Beneath this line sits some data. Return only its lines from the one holding "Удаление зубов у" through the one holding "Дата: 17 марта", inclusive, exactly, with the images removed.

BEGIN

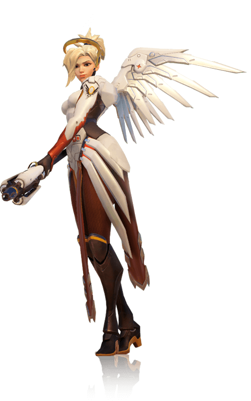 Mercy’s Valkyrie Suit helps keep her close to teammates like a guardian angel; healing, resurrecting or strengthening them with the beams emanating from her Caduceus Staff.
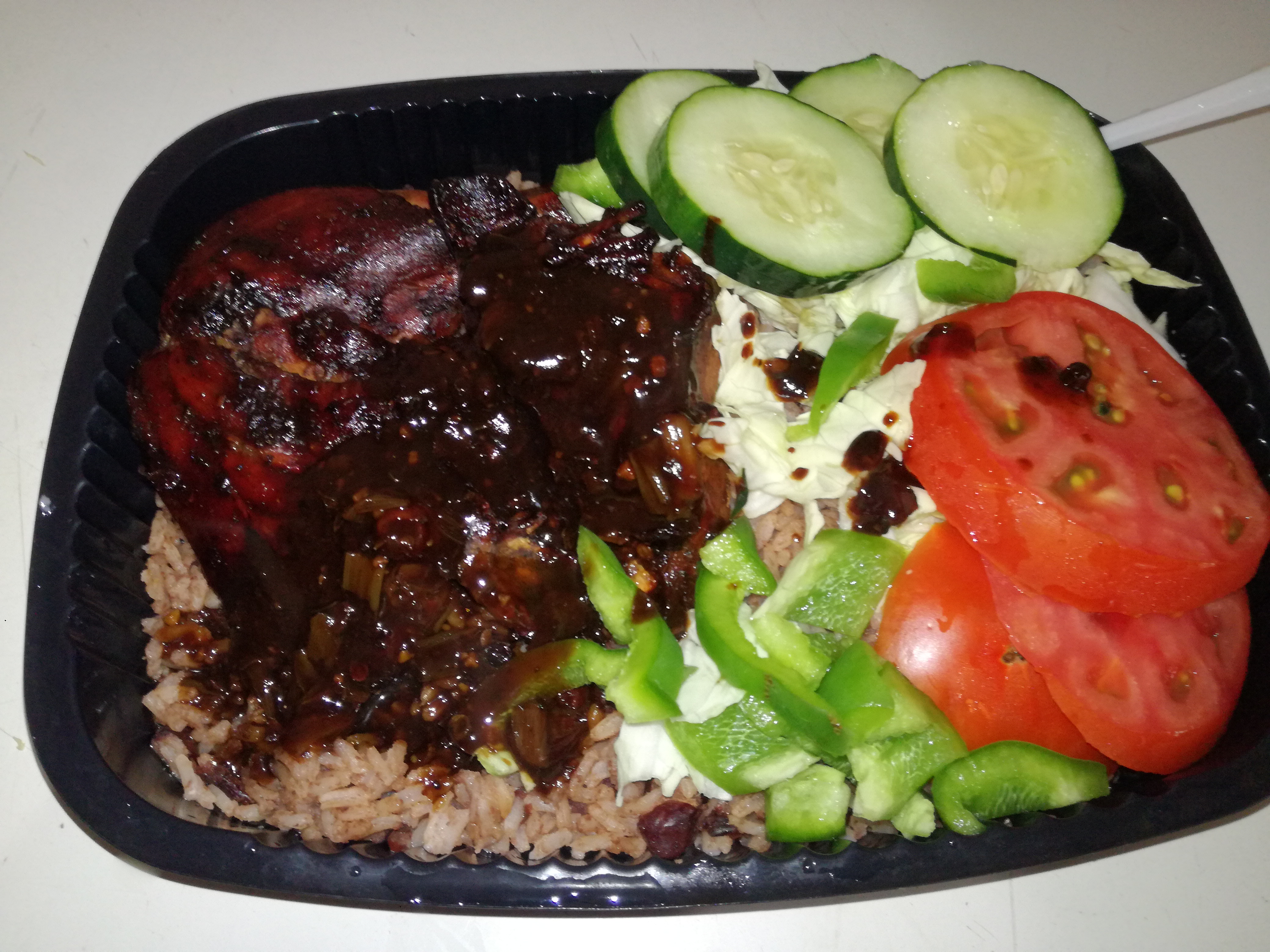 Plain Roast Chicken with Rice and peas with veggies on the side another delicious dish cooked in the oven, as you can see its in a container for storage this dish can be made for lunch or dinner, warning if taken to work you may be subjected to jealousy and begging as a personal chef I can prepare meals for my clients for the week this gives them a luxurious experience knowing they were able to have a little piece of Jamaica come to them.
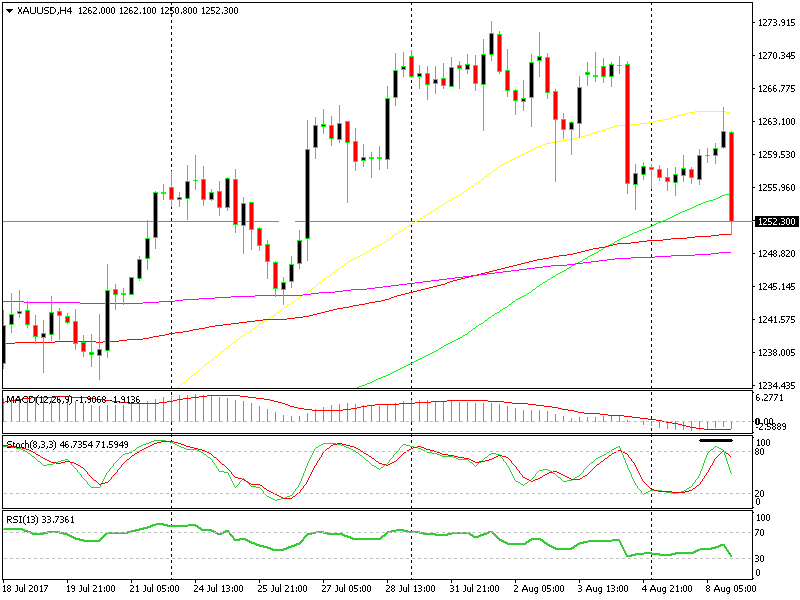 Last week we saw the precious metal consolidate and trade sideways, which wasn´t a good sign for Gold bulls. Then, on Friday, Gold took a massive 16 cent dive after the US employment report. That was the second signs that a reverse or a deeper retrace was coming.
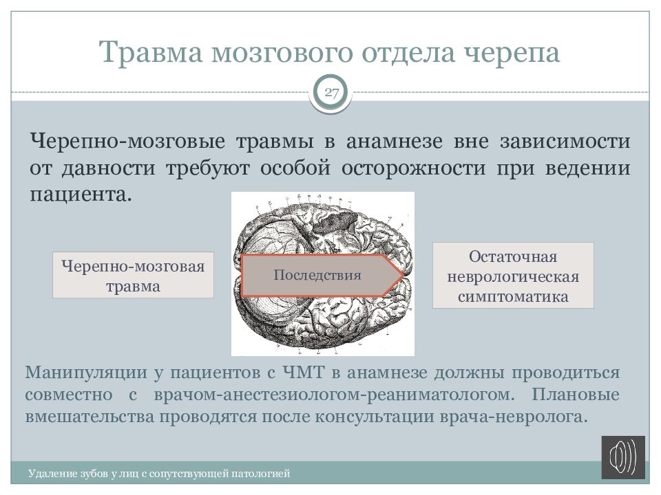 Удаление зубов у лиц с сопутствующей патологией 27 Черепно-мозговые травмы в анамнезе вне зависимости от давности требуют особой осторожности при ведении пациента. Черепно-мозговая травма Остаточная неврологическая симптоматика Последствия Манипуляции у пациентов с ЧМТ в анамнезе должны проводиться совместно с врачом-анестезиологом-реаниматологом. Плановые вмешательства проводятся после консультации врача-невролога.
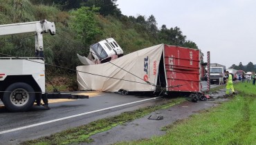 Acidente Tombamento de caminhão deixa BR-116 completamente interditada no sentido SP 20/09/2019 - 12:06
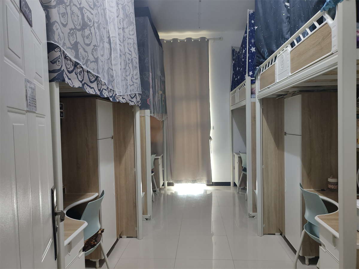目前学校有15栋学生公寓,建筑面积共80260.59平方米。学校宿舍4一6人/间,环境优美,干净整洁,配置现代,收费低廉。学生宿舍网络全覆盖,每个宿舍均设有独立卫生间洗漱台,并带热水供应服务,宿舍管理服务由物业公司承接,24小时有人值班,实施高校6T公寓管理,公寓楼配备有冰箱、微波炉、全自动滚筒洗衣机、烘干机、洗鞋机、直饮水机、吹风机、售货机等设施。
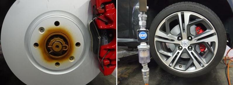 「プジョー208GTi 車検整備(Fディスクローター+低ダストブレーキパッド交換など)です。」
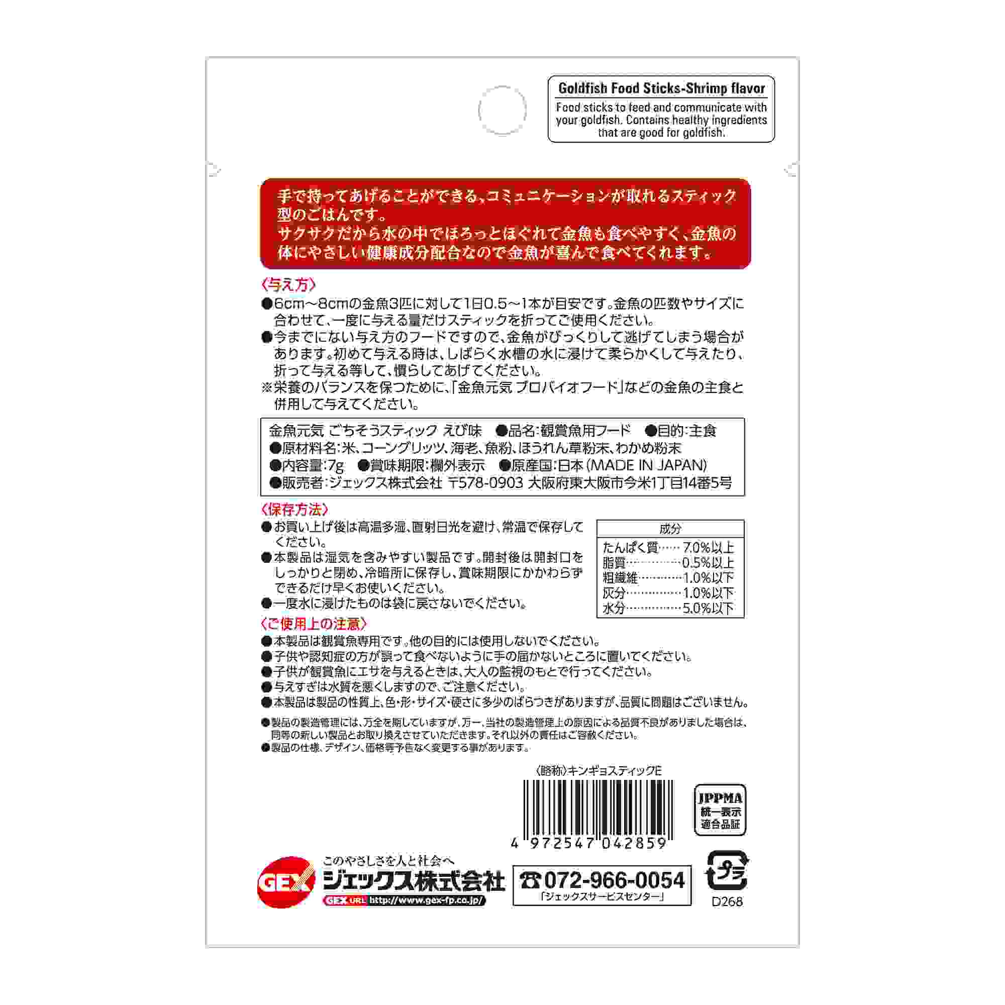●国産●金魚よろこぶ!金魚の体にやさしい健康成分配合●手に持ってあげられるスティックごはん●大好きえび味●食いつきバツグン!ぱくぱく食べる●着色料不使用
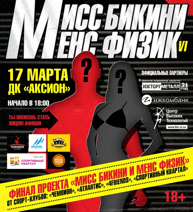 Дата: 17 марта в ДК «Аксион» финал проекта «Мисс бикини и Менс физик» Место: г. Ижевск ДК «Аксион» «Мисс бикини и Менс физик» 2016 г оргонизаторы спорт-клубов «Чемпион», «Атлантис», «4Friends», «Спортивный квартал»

END
BEGIN

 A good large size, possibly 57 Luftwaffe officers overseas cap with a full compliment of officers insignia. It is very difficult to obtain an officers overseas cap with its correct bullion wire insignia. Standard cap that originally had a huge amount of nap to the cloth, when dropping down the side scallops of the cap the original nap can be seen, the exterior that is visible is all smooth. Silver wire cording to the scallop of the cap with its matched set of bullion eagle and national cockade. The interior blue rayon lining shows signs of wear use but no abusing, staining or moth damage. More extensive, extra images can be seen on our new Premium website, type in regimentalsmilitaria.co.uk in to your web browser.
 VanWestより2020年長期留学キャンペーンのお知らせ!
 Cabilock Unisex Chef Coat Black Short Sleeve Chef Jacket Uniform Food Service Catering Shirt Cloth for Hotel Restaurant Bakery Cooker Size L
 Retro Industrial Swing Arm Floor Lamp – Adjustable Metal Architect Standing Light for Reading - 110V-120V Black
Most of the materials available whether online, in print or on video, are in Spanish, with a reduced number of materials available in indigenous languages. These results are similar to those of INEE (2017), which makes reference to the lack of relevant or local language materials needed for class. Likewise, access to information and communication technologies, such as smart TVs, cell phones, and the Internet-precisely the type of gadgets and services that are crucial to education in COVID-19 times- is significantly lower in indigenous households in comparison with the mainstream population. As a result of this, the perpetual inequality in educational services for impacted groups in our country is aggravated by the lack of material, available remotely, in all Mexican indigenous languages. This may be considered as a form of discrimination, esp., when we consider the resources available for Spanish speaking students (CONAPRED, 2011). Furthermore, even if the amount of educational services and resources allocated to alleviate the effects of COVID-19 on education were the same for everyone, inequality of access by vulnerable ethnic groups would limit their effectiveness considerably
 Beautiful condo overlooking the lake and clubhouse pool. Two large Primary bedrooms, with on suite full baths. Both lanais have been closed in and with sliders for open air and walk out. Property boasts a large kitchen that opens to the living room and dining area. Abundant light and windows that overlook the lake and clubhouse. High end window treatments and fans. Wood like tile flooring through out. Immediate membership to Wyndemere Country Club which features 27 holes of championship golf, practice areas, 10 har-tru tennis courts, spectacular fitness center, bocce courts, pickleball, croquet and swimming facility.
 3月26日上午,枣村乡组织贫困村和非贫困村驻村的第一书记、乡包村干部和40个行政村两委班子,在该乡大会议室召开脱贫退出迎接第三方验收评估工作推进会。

END

Reply
 Удаление зубов у лиц с сопутствующей патологией 27 Черепно-мозговые травмы в анамнезе вне зависимости от давности требуют особой осторожности при ведении пациента. Черепно-мозговая травма Остаточная неврологическая симптоматика Последствия Манипуляции у пациентов с ЧМТ в анамнезе должны проводиться совместно с врачом-анестезиологом-реаниматологом. Плановые вмешательства проводятся после консультации врача-невролога.
 Acidente Tombamento de caminhão deixa BR-116 completamente interditada no sentido SP 20/09/2019 - 12:06
目前学校有15栋学生公寓,建筑面积共80260.59平方米。学校宿舍4一6人/间,环境优美,干净整洁,配置现代,收费低廉。学生宿舍网络全覆盖,每个宿舍均设有独立卫生间洗漱台,并带热水供应服务,宿舍管理服务由物业公司承接,24小时有人值班,实施高校6T公寓管理,公寓楼配备有冰箱、微波炉、全自动滚筒洗衣机、烘干机、洗鞋机、直饮水机、吹风机、售货机等设施。
 「プジョー208GTi 車検整備(Fディスクローター+低ダストブレーキパッド交換など)です。」
●国産●金魚よろこぶ!金魚の体にやさしい健康成分配合●手に持ってあげられるスティックごはん●大好きえび味●食いつきバツグン!ぱくぱく食べる●着色料不使用
 Дата: 17 марта в ДК «Аксион» финал проекта «Мисс бикини и Менс физик» Место: г. Ижевск ДК «Аксион» «Мисс бикини и Менс физик» 2016 г оргонизаторы спорт-клубов «Чемпион», «Атлантис», «4Friends», «Спортивный квартал»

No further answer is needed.